We are on a 26er with 2.35 Nevegal in the front with a DJ2 shock and a 2.1 Nevegal in the back. Front is 35psi,rear @ 40 no flat issues. We typically ride as gnarly singletrack as we can navigate and are doing more as our skills improve.
We are about 340# total weight bike/gear and us and have no issues with flatting. We use tubes and ride in the Western NC area..Pisgah,Dupont,Bent Creek, Grandfather District


----------



## bme107 (Jul 23, 2008)

There are a few of us on here that have vintage GT Quatrefoils with this odd wheel size. One guy runs the NOS 2.0 tires meant for these rims and he and his wife run the bike very casually (probably like I'll use mine). Another guy is going to run 650b x2.35 but the bike is not complete yet (sounds like he intends more off-road MTB-ing than we do). I'm not sure what the 4th guy runs.

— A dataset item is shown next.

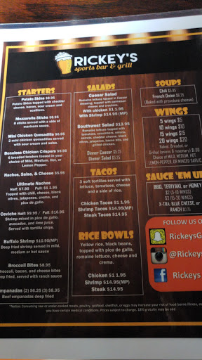 rickys is the best sports bar in the world... i love this place ... more tvs than hair on your head. we frequent this place year round. most sports bars will show the picture but not let you here the sound... not at rickys....the sound is always on on the big screen and other places in the bar. you can also request any sports team in season and they will set you up with either your own private tv or if you have a group ... rickys can accommodate your group ... there are personal tvs all around the bar, if you prefer to chill at the bar. outstanding bartenders... andrew, jordan, lindsey, drea and on a occasion serathy... are all off the hook and really push out drinks with ease and a smile... morie , is the video manager and peter heads up the kitchen. both are friendly and professional. the waitress staff is extremely friendly and work their butts off to make your experience, a good one..... so dont go to wild wings are all those trendy sports bars..... when you gotta see a mlb, nba, nfl, nhl,wnba, olympics,mma boxing, regular boxing , ncaa sports, or whatever your sport of choice .......go to rickys .. ... there is no other sports bar like this.... anywhere!!!

Thank you for all the input. Estimating the longitudinal contact patch of the tires I've roughly calculated the load that the tires can carry. Your team weights are within the tire capacities found in my crude calcs. Using the same methodology on my current setup we were 10% overloaded.

I was worried that I was going to need a tire that went to a much higher psi than the current 60psi in order to survive. Seems that a reasonable 2.0 or greater width at a psi in the mid-high 40s should work. All within max recommended pressures of typical stock tires.


----------



## Plum (Sep 14, 2004)

bme107 said:


> Another guy is going to run 650b x2.35 but the bike is not complete yet (sounds like he intends more off-road MTB-ing than we do).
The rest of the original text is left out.